> **SUPPLIED ENTRIES**:
______________________________

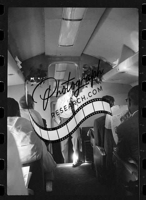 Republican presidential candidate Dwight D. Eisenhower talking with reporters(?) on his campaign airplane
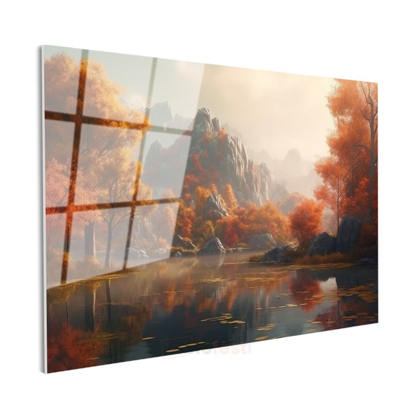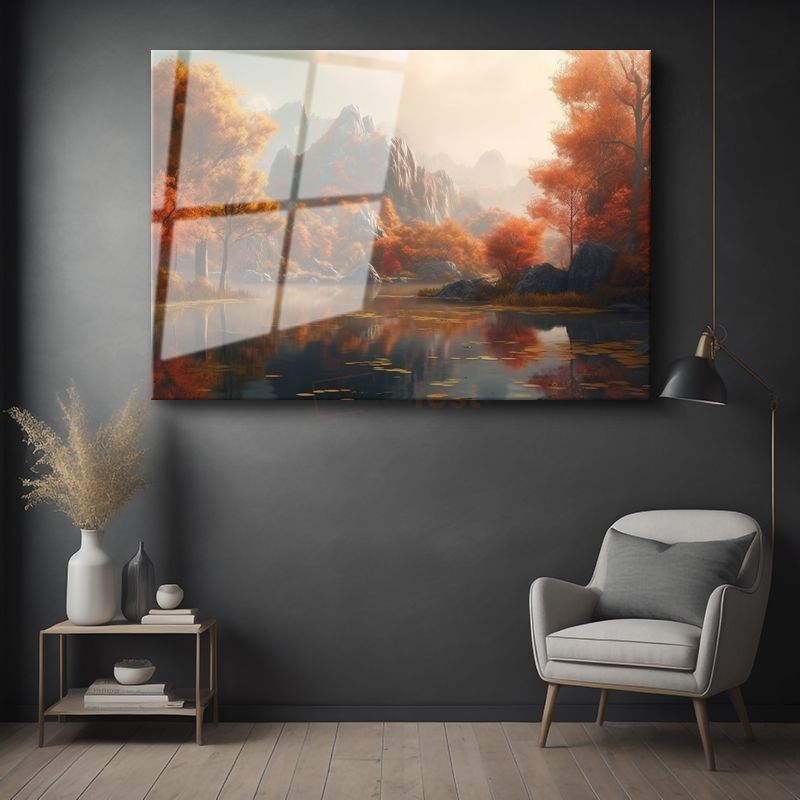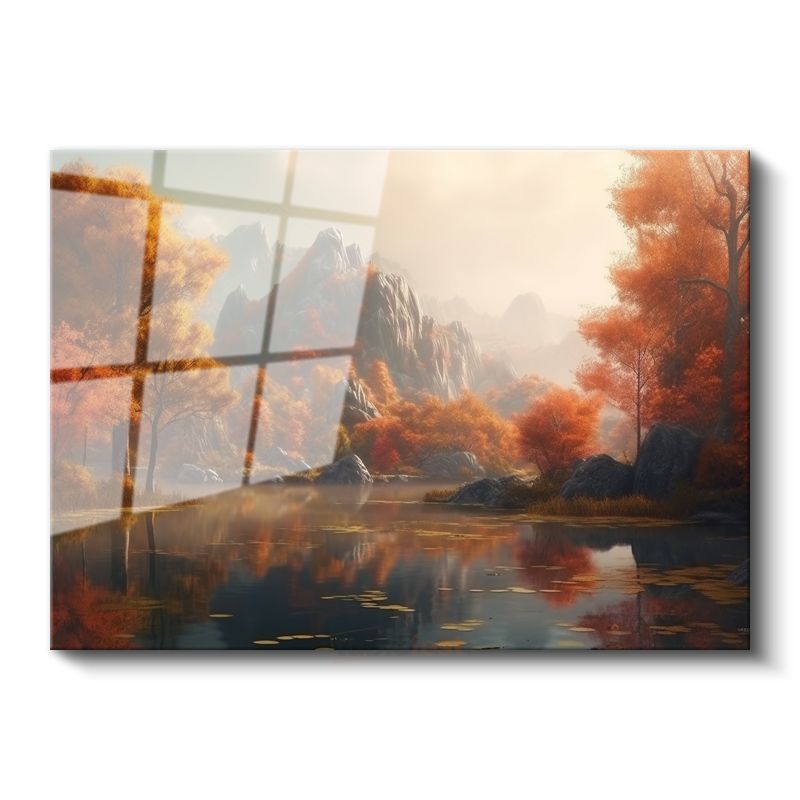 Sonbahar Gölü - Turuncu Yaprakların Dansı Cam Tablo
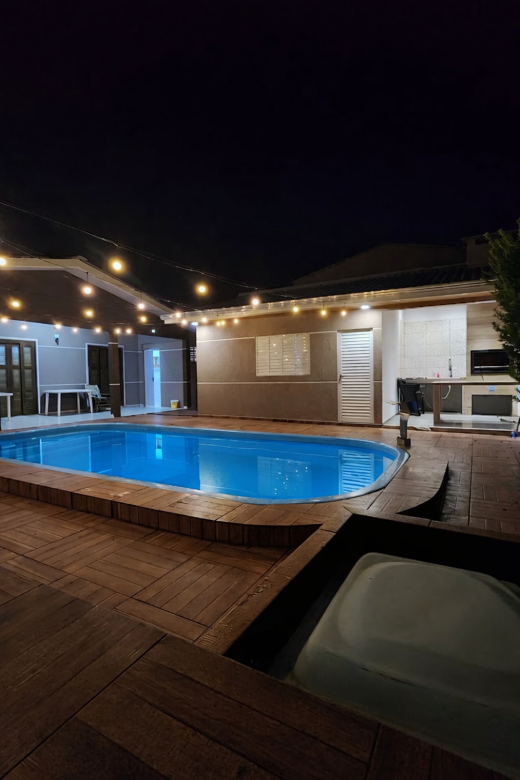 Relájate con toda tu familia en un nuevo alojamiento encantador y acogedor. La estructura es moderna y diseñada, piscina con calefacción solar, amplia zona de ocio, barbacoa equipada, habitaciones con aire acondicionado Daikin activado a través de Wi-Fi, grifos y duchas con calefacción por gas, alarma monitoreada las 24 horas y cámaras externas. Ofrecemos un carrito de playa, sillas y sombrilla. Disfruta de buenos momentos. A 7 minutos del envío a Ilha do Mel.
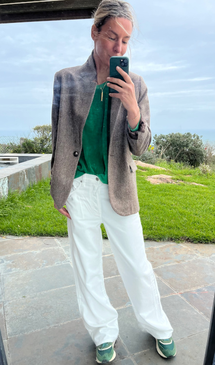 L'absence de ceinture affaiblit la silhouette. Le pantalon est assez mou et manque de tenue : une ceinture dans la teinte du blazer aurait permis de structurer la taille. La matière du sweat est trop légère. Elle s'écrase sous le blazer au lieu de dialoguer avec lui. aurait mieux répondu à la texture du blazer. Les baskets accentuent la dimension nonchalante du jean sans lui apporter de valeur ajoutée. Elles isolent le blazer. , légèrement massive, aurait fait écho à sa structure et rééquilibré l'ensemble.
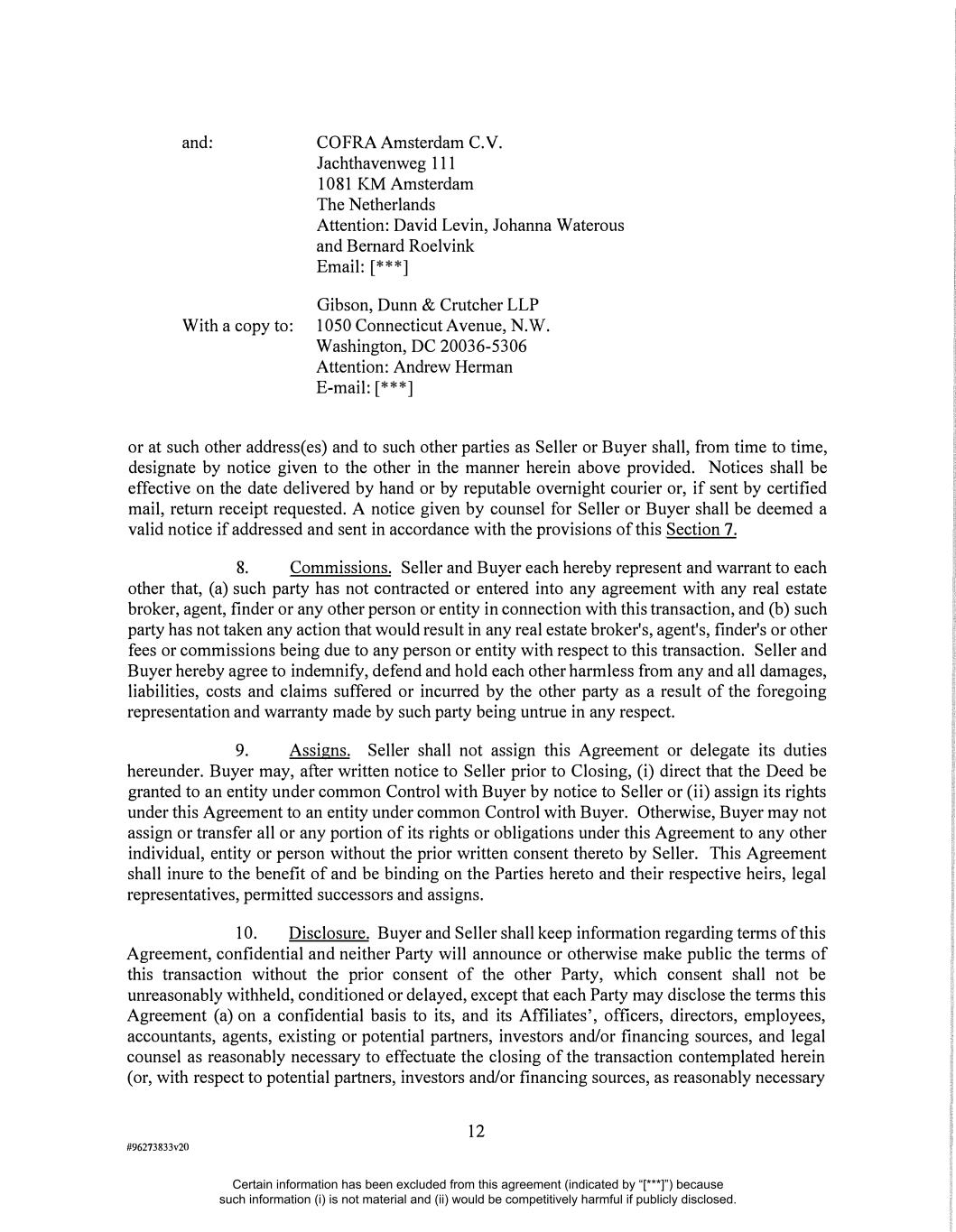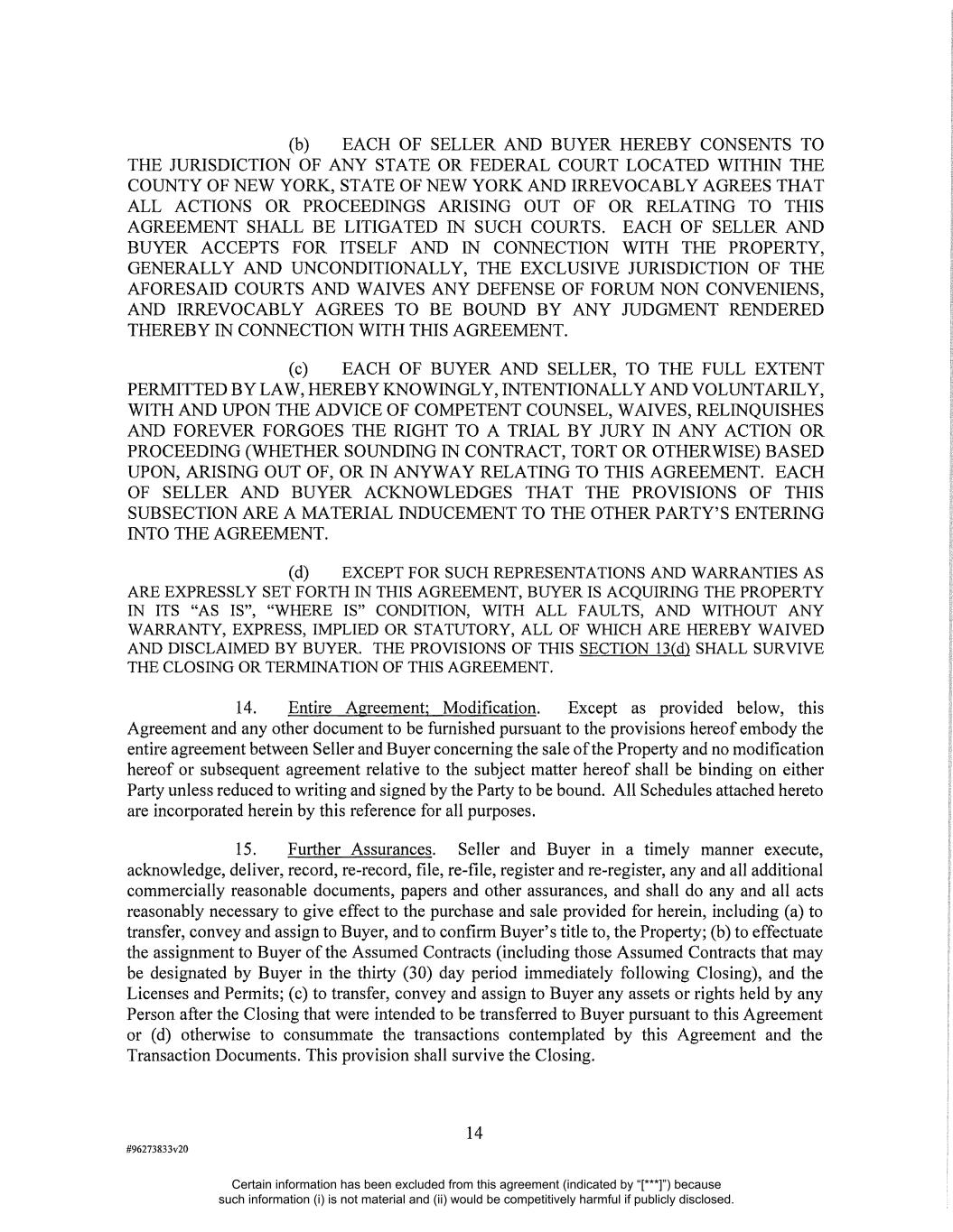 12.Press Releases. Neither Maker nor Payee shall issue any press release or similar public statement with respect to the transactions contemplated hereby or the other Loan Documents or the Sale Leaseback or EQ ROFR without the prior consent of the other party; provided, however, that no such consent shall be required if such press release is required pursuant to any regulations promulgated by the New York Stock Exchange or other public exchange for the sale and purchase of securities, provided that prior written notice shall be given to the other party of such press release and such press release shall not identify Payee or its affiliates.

______________________________

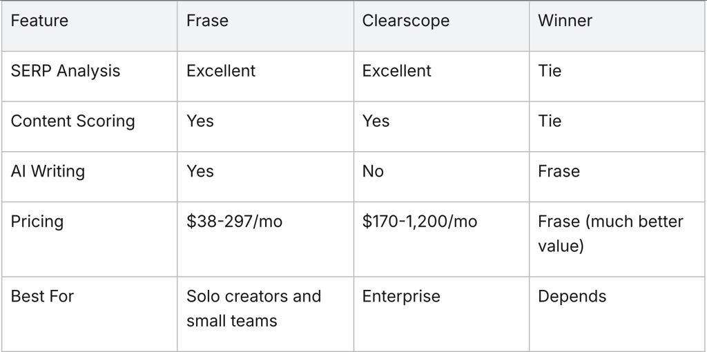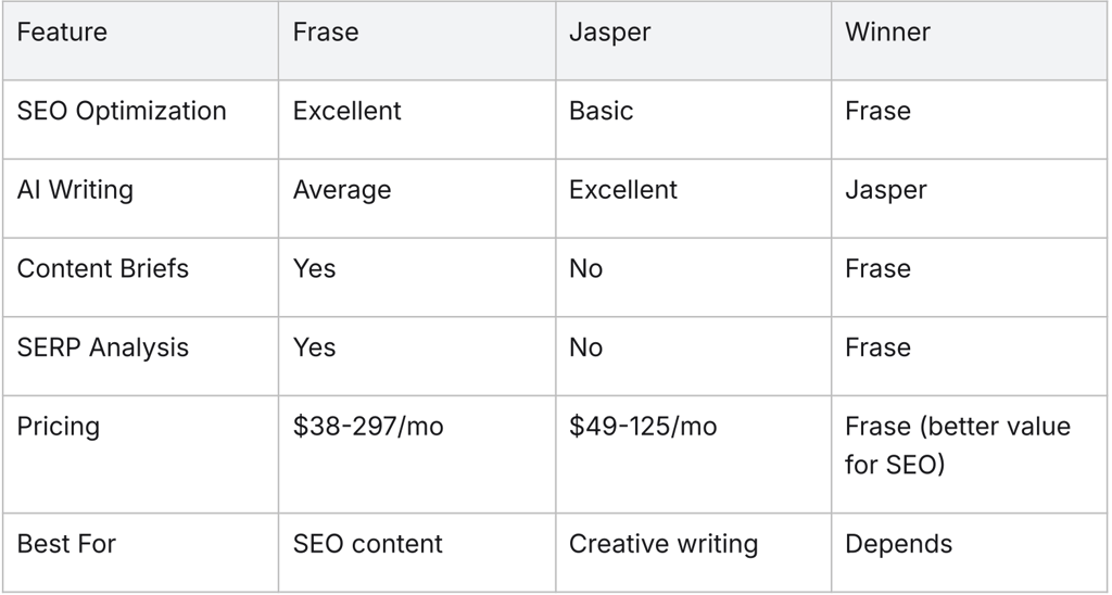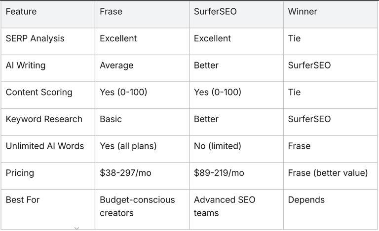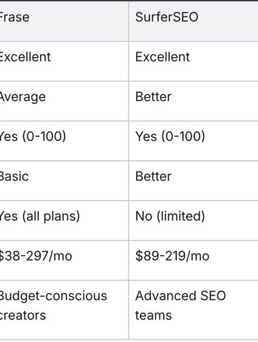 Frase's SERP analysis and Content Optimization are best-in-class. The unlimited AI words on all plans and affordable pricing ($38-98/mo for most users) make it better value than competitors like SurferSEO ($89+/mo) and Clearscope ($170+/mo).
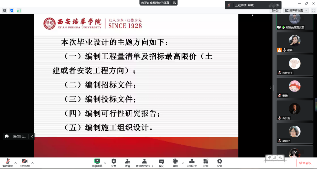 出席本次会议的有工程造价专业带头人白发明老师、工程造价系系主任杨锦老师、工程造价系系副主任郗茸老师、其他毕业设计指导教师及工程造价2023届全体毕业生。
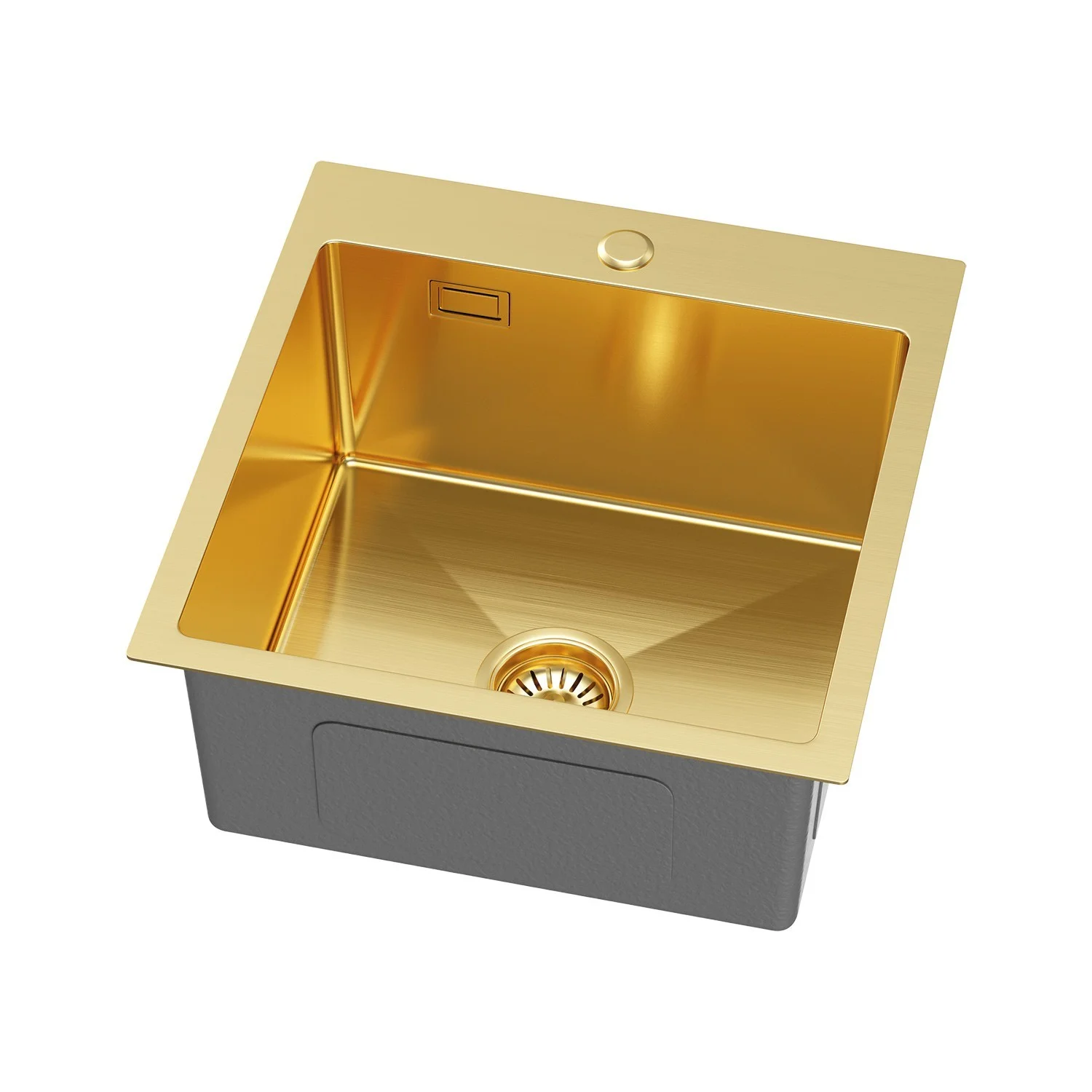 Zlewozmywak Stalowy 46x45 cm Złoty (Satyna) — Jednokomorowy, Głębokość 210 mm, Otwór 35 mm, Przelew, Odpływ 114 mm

______________________________

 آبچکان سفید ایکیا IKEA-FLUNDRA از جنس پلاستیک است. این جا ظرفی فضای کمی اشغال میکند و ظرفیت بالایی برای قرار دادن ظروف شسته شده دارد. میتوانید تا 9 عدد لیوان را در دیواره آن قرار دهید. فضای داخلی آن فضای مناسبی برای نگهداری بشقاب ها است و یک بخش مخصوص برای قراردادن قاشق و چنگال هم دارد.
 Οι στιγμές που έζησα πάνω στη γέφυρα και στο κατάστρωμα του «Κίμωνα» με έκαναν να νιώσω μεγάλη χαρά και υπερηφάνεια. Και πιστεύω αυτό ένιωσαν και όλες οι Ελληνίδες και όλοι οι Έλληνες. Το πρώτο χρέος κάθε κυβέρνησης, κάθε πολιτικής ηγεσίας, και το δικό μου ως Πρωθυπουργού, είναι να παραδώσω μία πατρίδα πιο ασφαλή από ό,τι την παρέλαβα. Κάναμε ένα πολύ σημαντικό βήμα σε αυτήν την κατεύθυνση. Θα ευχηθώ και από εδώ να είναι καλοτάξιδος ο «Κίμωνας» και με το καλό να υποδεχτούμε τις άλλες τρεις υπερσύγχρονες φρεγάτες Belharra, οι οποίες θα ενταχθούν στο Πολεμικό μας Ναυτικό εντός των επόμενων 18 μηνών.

______________________________

Look above for the line with "Frase's SERP analysis"; quote it and every line after it, stopping after the line with "Zlewozmywak Stalowy 46x45", exactly, with nothing added and without pictures.

 Frase's SERP analysis and Content Optimization are best-in-class. The unlimited AI words on all plans and affordable pricing ($38-98/mo for most users) make it better value than competitors like SurferSEO ($89+/mo) and Clearscope ($170+/mo).
 出席本次会议的有工程造价专业带头人白发明老师、工程造价系系主任杨锦老师、工程造价系系副主任郗茸老师、其他毕业设计指导教师及工程造价2023届全体毕业生。
 Zlewozmywak Stalowy 46x45 cm Złoty (Satyna) — Jednokomorowy, Głębokość 210 mm, Otwór 35 mm, Przelew, Odpływ 114 mm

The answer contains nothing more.